Justiz | In erster Instanz zu sechs Monaten Haft auf Bewährung verurteilt worden
Gericht spricht Kardinal der Vertuschung von Kindesmissbrauch frei
In einem Prozess um die Vertuschung von Kindesmissbrauch in der katholischen Kirche Frankreichs ist der ehemals höchste geistliche Würdenträger des Landes freigesprochen worden.
Das Berufungsgericht von Lyon urteilte am Donnerstag, Kardinal Philippe Barbarin habe sich nicht schuldig gemacht. Dem 69-Jährigen wurde vorgeworfen, jahrelang den sexuellen Missbrauch von Knaben durch einen Priester seiner Diözese verschwiegen zu haben. In erster Instanz war der frühere Erzbischof von Lyon zu sechs Monaten Haft auf Bewährung verurteilt worden.
Einer der Anwälte des Geistlichen begrüsste das Urteil: "Kardinal Barbarin ist unschuldig", sagte er. Das Berufungsgericht folgte mit dem Freispruch dem Antrag der Staatsanwaltschaft. Sie hatte argumentiert, der Kardinal könne nicht persönlich für "Fehler" der katholischen Kirche haften. Der Kardinal hatte zwar persönliche "Irrtümer" eingestanden, aber keine Schuld im juristischen Sinne.
Seit dem Schuldspruch in erster Instanz vom März 2019 liess Barbarin sein Amt als Erzbischof von Lyon ruhen. Papst Franziskus hatte ein Rücktrittsgesuch seines französischen Oberhirten vor Ausgang des Berufungsverfahrens allerdings abgelehnt.

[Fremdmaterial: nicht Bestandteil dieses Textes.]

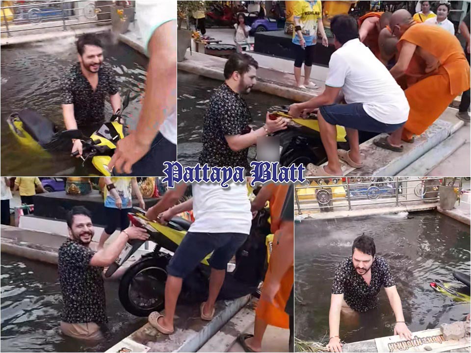 PATTAYA, Thailand – Ein zugleich urkomisches und schockierendes Video sorgt derzeit auf thailändischen Social-Media-Plattformen für Furore: Es zeigt, wie ein ausländischer Mann mit seinem Motorrad direkt in einen heiligen Teich fährt – und das ausgerechnet vor der Statue des verehrten Luang Po Thuat im Tempel von Koh Larn. Mönche und Dorfbewohner eilten sofort herbei, um zu helfen.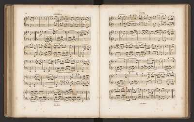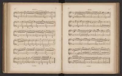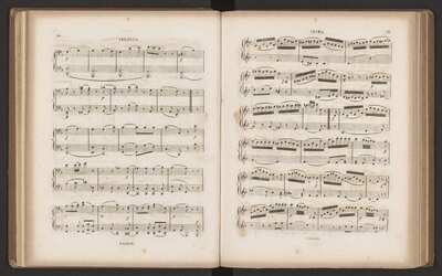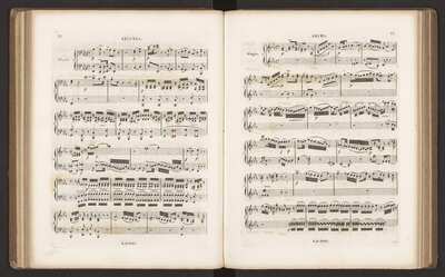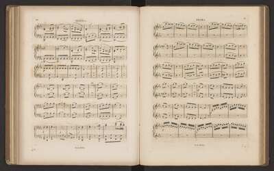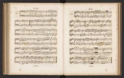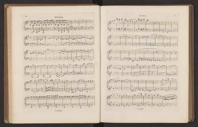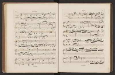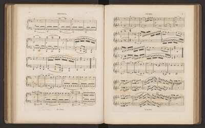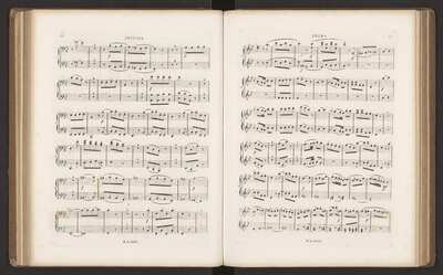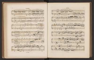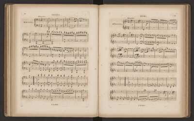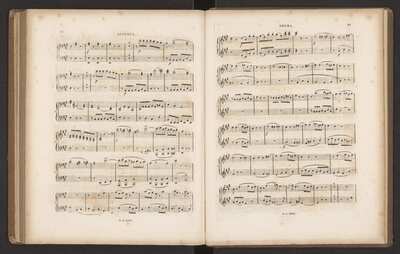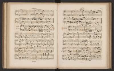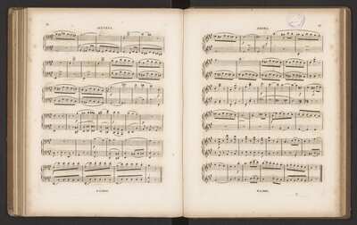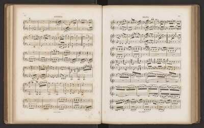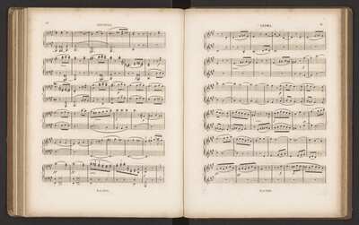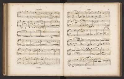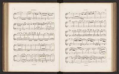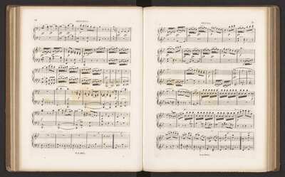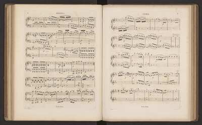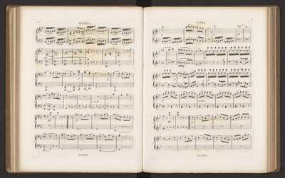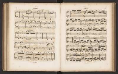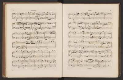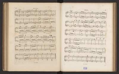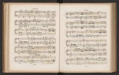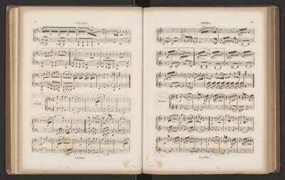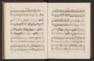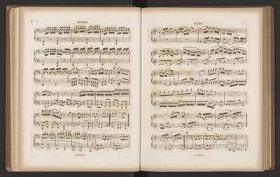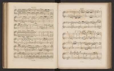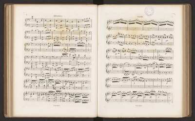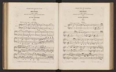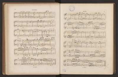 Collection covered with cover. On the back of the cover a sticker printed: "Biblioteka Państwowej Wyższej | Szkoły Muzycznej - Warszawa" with the current signature inscribed below., [pl-text: Zbiór obłożony okładką. Na odwrocie okładki naklejka z nadrukiem: "Biblioteka Państwowej Wyższej | Szkoły Muzycznej - Warszawa" z wpisaną poniżej aktualną sygnaturą.], Round blue/purple stamp: "Państwowa Wyższa Szkoła Muzyczna w Warszawie | BIBLIOTEKA |Nr" with number "42195 | Cim." on the reverse of the first title page (under the seal in pencil: "XVII-426"), on p. 17 of the first printing (no number); on p. 17 of the third printing (no number); on p. 17 of the fourth printing (no number); on p. 17 of the fifth printing (no number), and on p. 55 with the number "42195 a"; Small rectangular blue stamp: 'Bibl. | P.W.S.M. | w W-wie" on pp. 17, 41 of the first printing; pp. 17, 33 of the second printing; Blue oval stamp: 'BIBLIOTEKA GŁÓWNA Akadem. Muzyczna im. Fr. Chopina | w Warszawie | Nr' with number "42195 d" on the back of the title page of the second printing; with number "42195 c" on the back of the title page of the third printing; with number "42195 b" on the back of the title page of the fourth printing; with number "42195 a" on the back of the title page of the fifth printing; small, blue, rectangular stamp: 'BIBLIOTEKA GŁ. | AM im. Fr. Chopina | w Warszawie" on p. 41 of the third printing; on p. 41 of the fourth printing., [pl-text: Okrągła niebieska/fioletowa pieczęć: "Państwowa Wyższa Szkoła Muzyczna w Warszawie | BIBLIOTEKA |Nr" z numerem "42195 | Cim." na odwrocie pierwszej k. tytułowej (pod pieczęcią ołowkiem: "XVII-426"), na str. 17 pierwszego druku (bez numeru); na str. 17 trzeciego druku (bez numeru); na str. 17 czwartego druku (bez numeru); na str. 17 piątego druku (bez numeru) oraz na str. 55 z numerem "42195 a"; Mała, prostokątna, niebieska pieczęć: "Bibl. | P.W.S.M. | w W-wie" na str. 17, 41 pierwszego druku; str. 17, 33 drugiego druku; Owalna niebieska pieczęć "BIBLIOTEKA GŁÓWNA Akadem. Muzyczna im. Fr. Chopina | w Warszawie | Nr" z numerem "42195 d" na odwrocie k. tytułowej drugiego druku; z numerem "42195 c" na odwrocie k. tytułowej trzeciego druku; z numerem "42195 b" na odwrocie k. tytułowej czwartego druku; z numerem "42195 a" na odwrocie k. tytułowej piątego druku; Mała, niebieska, prostokątna pieczęć: "BIBLIOTEKA GŁ. | AM im. Fr. Chopina | w Warszawie" na str. 41 trzeciego druku; na str. 41 czwartego druku.], Pencil notations in the scores., [pl-text: W partyturach zapiski ołówkiem.]

Kardinal Barbarin soll nach Übernahme der Diözese Lyon im Jahr 2002 von den Taten des Priesters erfahren haben. Nach Überzeugung der Opfer schwieg er aber jahrelang, bis der Fall 2015 durch die Aussage eines der missbrauchten Knaben öffentlich wurde.
Gegen den Priester Bernard Preynat selbst läuft derzeit in Lyon ein gesondertes Verfahren. Die Anklage fordert mindestens acht Jahre Haft. Der 74-Jährige hat gestanden, als Leiter von Pfadfindergruppen und Ferienlagern zeitweise "vier bis fünf Kinder pro Woche" missbraucht zu haben. Ein Teil der Übergriffe aus den Jahren 1971 bis 1991 ist bereits verjährt.